Throughout this month, the Sunday readings are filled with stories that tell of powerful and miraculous acts. Often, we will learn, however, that a significant aspect of a story is the radical nature of who is included in these miracles.  This morning, it is a starving widow and her son, but we will also hear in the coming weeks of a man possessed by demons and a despised foreigner.  Not your typical heroes.

These stories remind us that every one, absolutely every one, can be a vessel for God’s working and bounty.  While our own beneficence may be limited, it not so with God.  We have seen it here with Elijah and the Widow.

Last week, we heard about the angry Elijah, today, we see the compassionate side of the man.

We know from last week’s text that Elijah hides from Ahab and Jezebel after he prophesies a famine as punishment for the worship of Baal.  The famine spreads to Sidon in Phoenicia where Elijah ends up.  God sends him to a widow for something to eat.  The land is suffering from famine, and yet, God sends Elijah to widow for a meal.  As we have heard, he sees a widow gathering sticks outside the gates of the city – she’s gathering kindling for a fire – and asks her for bread and water.  The widow admits that as God lives, she has very little and what she has she will make a last meal of it for her son and herself.  They are close to death from hunger.  But, she is also a woman of faith.  And now we see as she gives up the certain – the certainty of death – for the uncertain – Elijah’s promise through God that the jar of meal and the jug of oil will not be empty as long as the drought remains – and makes the little cakes for Elijah, her son, and herself.  Her faith and Elijah’s prophecy keep them alive.

We have our limits, but God doesn’t.  We are, however, given the means to act so that our limits can be widened.   We can follow in the footsteps of the prophets and use our own, twenty-first century prophetic voices to call out those who wield power and control to look beyond their own greed and want and do something revolutionary: think about the Kingdom of Heaven and the people who live in it.  Make here and now a place of equality in all things.  Jesus called out the Pharisees; we can call out our elected officials and remind them they work for the people, not corporations.

This weekend in Washington, people are gathering to address the continuing issue of hunger around the globe and especially here, in our own country, and what can be done within our means to stop it.  It is an annual conference where like minds meet to find solutions and engage our legislators in conversations about what our true priorities should be.  The theme of the conference hosted by Bread for the World is “A Place at the Table.”  The title comes from the belief that all are welcome at this table and wherever a meal is offered.  Jesus said that when we feed the hungry we feed him.  We know it is true for our table and our life of worship and action here, why should it not be so in our communities beyond Sunday mornings and church walls?

We live in a country that is one of the wealthiest on the globe, and yet, Americans go to bed hungry every night.  Children go to bed hungry every night.  Why is this happening today?

It’s a question of priorities and the problem of limited scope of vision.

On Capitol Hill, we see efforts to limit access to programs to the poor, or, what some people call the “deserving poor.”  No one deserves to be poor.  No one is undeserving of a meal, or warm place to sleep at night, a chance at a better life.

Some of our elected leaders want to reduce funding for services available to those who struggle to make ends meet, or make to the end of the pay period, struggle with their own demons, and narrowly define who is worthy of living in our country.

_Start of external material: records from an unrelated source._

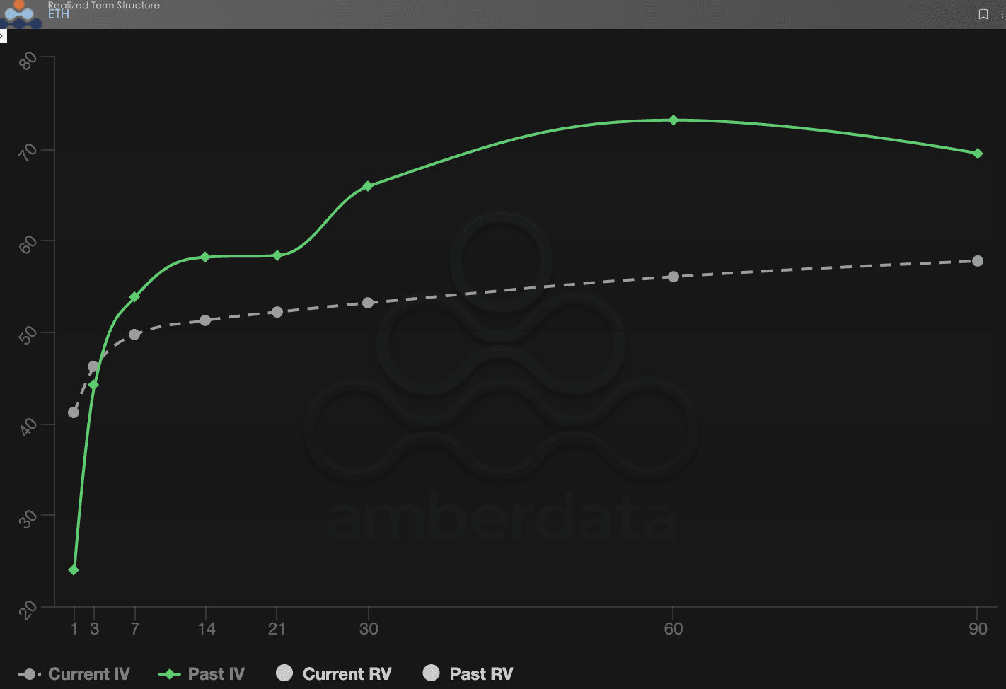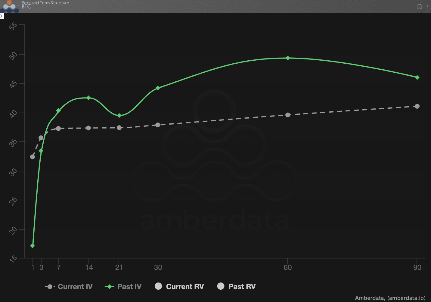 Korzystając z wykresów i danych dostarczonych przez Amberdata i Derive.XYZ, możemy zaobserwować, że struktura zmienności w tym tygodniu wykazuje wyraźne cechy „oczekiwania na przód, zmienność w tyle”. Mimo że makro hałasy są ciągłe, rzeczywista zmienność nie nadąża za wzrostem implied volatility.
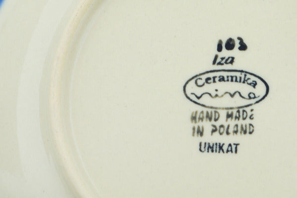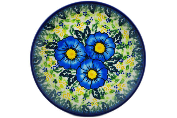 This Polish Pottery Plate is handmade and handpainted by the Ceramika Nina factory in Boleslawiec, Poland. Manufacturer item number H0189P. It is 1" high and measures 7½" by 7½". The weight of this Plate is 0.8 lbs. It is part of the Blue Happy Fields Collection.
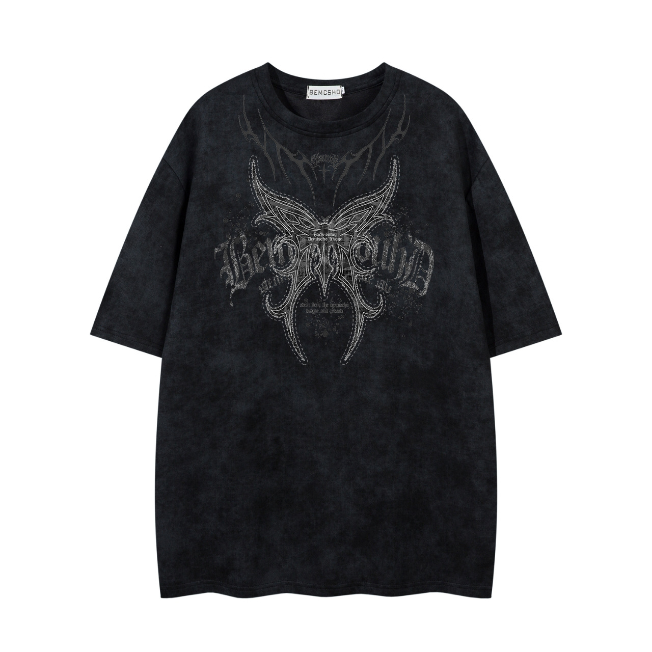 Butterfly Print Suede Design Oversize Short Sleeve T-Shirt WN15110
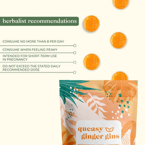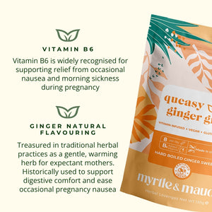 Popular Newcomer! Overcome Morning sickness symptoms with the help of our ‘Queasy Days Ginger Gins’ with vitamin B6. Perfect for on the move or when symptoms of nausea creep up, our ginger sweets soothe the stomach and ease first trimester sickness whilst giving you a well needed energy boost.
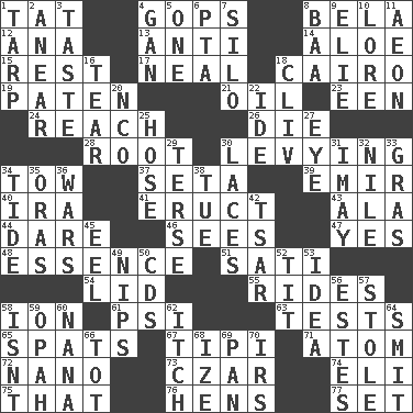 ACROSS 1. Make lace 4. Republicans 8. Actor Lugosi 12. Santa ___, CA 13. Against 14. Medicinal plant 15. Repose 17. Actress Patricia 18. Capital of Egypt 19. Eucharist need 21. Lubricate 23. Car or cant ending 24. Arrive at 26. Pass on 28. Carrot, for example 30. Imposing or collecting, as a tax 34. Pull behind 37. Bristle 39. Arab leader 40. Lyricist Gershwin 41. Spew [out] 43. Chicken ___ king 44. Have the gumption 46. Observes 47. Consenting reply 48. Gist 51. Suttee (variant) 54. Flaplike covering 55. Amusement-park features 58. Electrically charged atom 61. 23rd letter of the Greek alphabet 63. Trials 65. Arguments over trivial matters 67. Native american tent (variation) 71. Smallest unit of an element 72. Billionth: prefix 73. Russian ruler of old 74. Biblical high priest 75. Not this but _ 76. Coop moms 77. Put into a specified state DOWN 1. Canvas cover 2. Approach 3. Clothes sense 4. Separate the seeds from cotton 5. Single 6. Parent Teacher Assoc. 7. Grain storage tower 8. Sound made by sheep 9. Writer Wiesel 10. Old wives' tales, e.g. 11. Period of immesurable duration 16. Pull apart 18. 154 in Roman numerals 20. Non-commissioned officer (abbr.) 22. Binary compound 25. Flexible conduit 27. Sight organ 29. Laconic 30. Shoestrings 31. "If ____ say so..." 32. The longest river in the world 33. Pate de foie ____ 34. Event that recurs at intervals 35. Mouths or openings 36. Armed conflicts 38. Third day of the wk. 42. Russian ruler of old 45. Snakelike fish 49. Pinches, bites 50. Music discs 52. Teat (slang) 53. The content of cognition 56. _____ Park, CO 57. Fur scarf 58. Is not 59. Brightly colored fish 60. Nanny 62. Hankering 64. Stricken, poetically 66. Small child 68. Ending with capital 69. Baking dish 70. Big collection agency
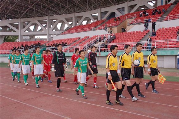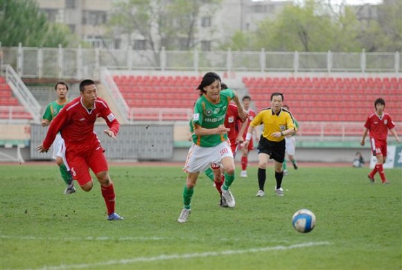 同时,孙祯铎的头球也吹响了毅腾队进攻的号角。上半场十分被动的毅腾队突然获得了主动。第80分钟时,毅腾队有路获得前场任意球,吕建军将球发到左路后,毅腾队员迅速起球,韩国外援陈顺珍高高跃起,将球砸向球门,皮球应声入网,1-0。
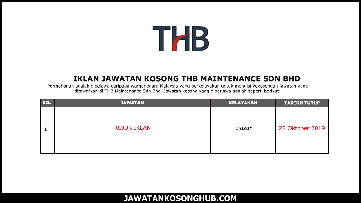 Jawatan Kosong Terkini Thb Maintenance Sdn Bhd

Some members of Congress use scripture to bolster their arguments for restricting eligibility for the Supplemental Nutrition Assistance Program (SNAP, formerly food stamps).  “The poor you will always have with you.”

Jesus did say that, but he also said that whenever we fed the hungry, we ministered to him.  We lived out what he expected of us.    Jesus also called out those who could not look past the norm of society, those who put rules ahead of God’s righteousness and the greater good.

Fed at Christ’s Table, we, the faithful, work and serve in a world where sharing our resources, our ministries, is one way to express our willingness to believe, to take chances against the norm and live and proclaim the Gospel.

What we should note here in this morning’s Hebrew scripture is not only the miraculous feeding of a widow and her son, but the call to action and mission.

Perhaps the miracle is that when we trust in the love of God through Christ, completely give ourselves over to that love, we can make things that seem impossible very real in our lives and the lives of those we touch.

From the last bit of meal and oil a Widow makes three little cakes and from that comes a promise of plenty in a time of need.  We are in a time of need.  There is enough of God’s bounty to go around.